Lastly, the importance of a sustained and broad effort to sustain the change effort is essential. The most compelling and engaging introduction to a change effort will produce no result if it is not backed by ongoing support and nurturing. Consistent ongoing messaging in alignment with the change effort from every point and every opportunity is essential to building and sustaining momentum. Where the change involves shifts in practices that require staff to operate in new ways appropriate and continual professional development is essential. In this case, there is also a great need to provide support to the entire school community. The success of any model for online learning will be dependent on the level to which it is embraced by all stakeholders. Parents and carers always play an important role in education but this is now elevated significantly. Schools will need to identify opportunities to support all members of this now tightly linked learning community. 

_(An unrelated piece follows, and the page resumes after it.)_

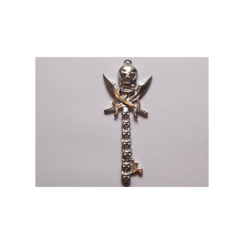 Sølvfarvede sørøvernøgle vedhæng - der er kun motiv på den ene side.

We are only in the early days of this pandemic. It is likely to be a long time before things return to normal. Already people are asking if we will ever return to the way things were. When we stop and reflect upon this period of enforced changes, will there be aspects of the new model that stay with us? What might be the pieces that stick and what parts will we want to rapidly abandon? Will there be parts of the traditional model of education that are revealed as flawed by our experimentation with alternatives? Let us hope that whatever model might evolve out of this time is a consequence of our very best thinking. 

By Nigel Coutts

Burnes, Bernard (2010) Why Does Change Fail and What Can We Do About It?, Journal of Change Management, 10 (2), pp. 241 — 242

Kotter, J & Cohen, D. (2002). The heart of change: Real-life stories of how people change their organisations. Boston, Mass: Harvard Business School Press

Pink, D. (2009). Drive: The surprising truth about what motivates us. New York, NY: Riverhead Books.

Ryan, R. & Deci, E. "Self-determination theory and the facilitation of intrinsic motivation, social development, and well-being”, American Psychologist, 55(1), 2000, p. 68-78.